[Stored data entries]
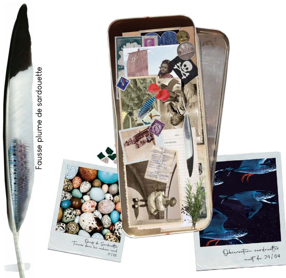
Groupe de Sardouettes Trouvées dans les rochers nord 17/03
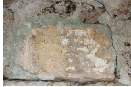
Foto.11. H. Mustafa Ağa Çeşmesi Foto.12. H. Mustafa Ağa Çeşmesi Kitabesi
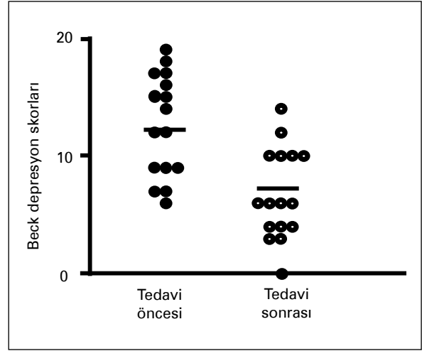
Şekil 1. Tedavi öncesi ve sonrası BDÖ puanları.

Tüm istatistiksel analizler SPSS for IBM-PC (SPSS inc.) paket programında gerçekleştirilmiştir. Gruplararası karşılaştırmalar, eşleştirilmiş gruplar için Wilcoxon testi ile yapılmıştır. Korelasyon analizi Pearson testi ile değerlendirilmiştir. P değeri 0.05'ten küçük bulunan değerler istatistiksel olarak anlamlı kabul edilmiştir.
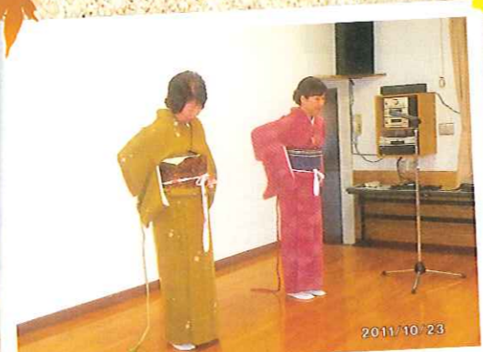
きもの着付け・藤の会
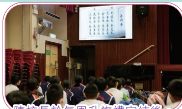
陳校長於每周升旗禮完結後，都會向學生講解《弟子規》
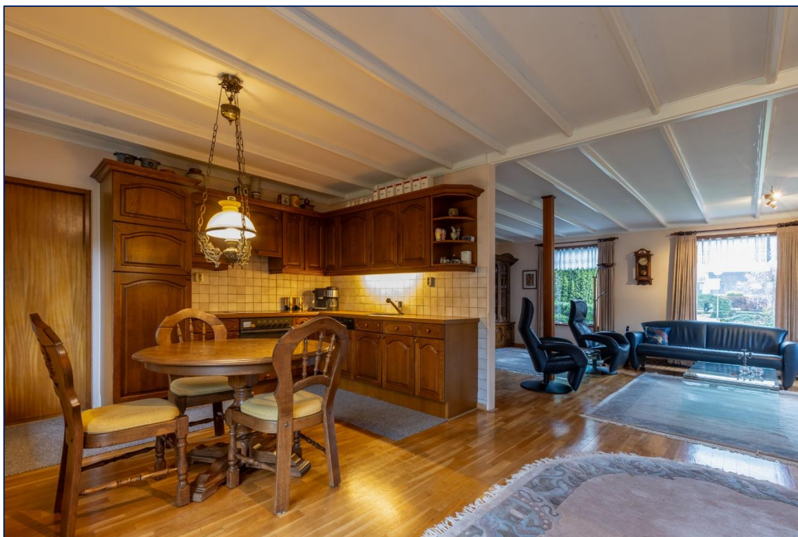
Keuken | Woonkamer

Your assignment = The reply should hold only the lines from the first line of the records above through the line containing "Şekil 1. Tedavi", copied exactly and without pictures.

Written answer =
Groupe de Sardouettes Trouvées dans les rochers nord 17/03
Foto.11. H. Mustafa Ağa Çeşmesi Foto.12. H. Mustafa Ağa Çeşmesi Kitabesi
Şekil 1. Tedavi öncesi ve sonrası BDÖ puanları.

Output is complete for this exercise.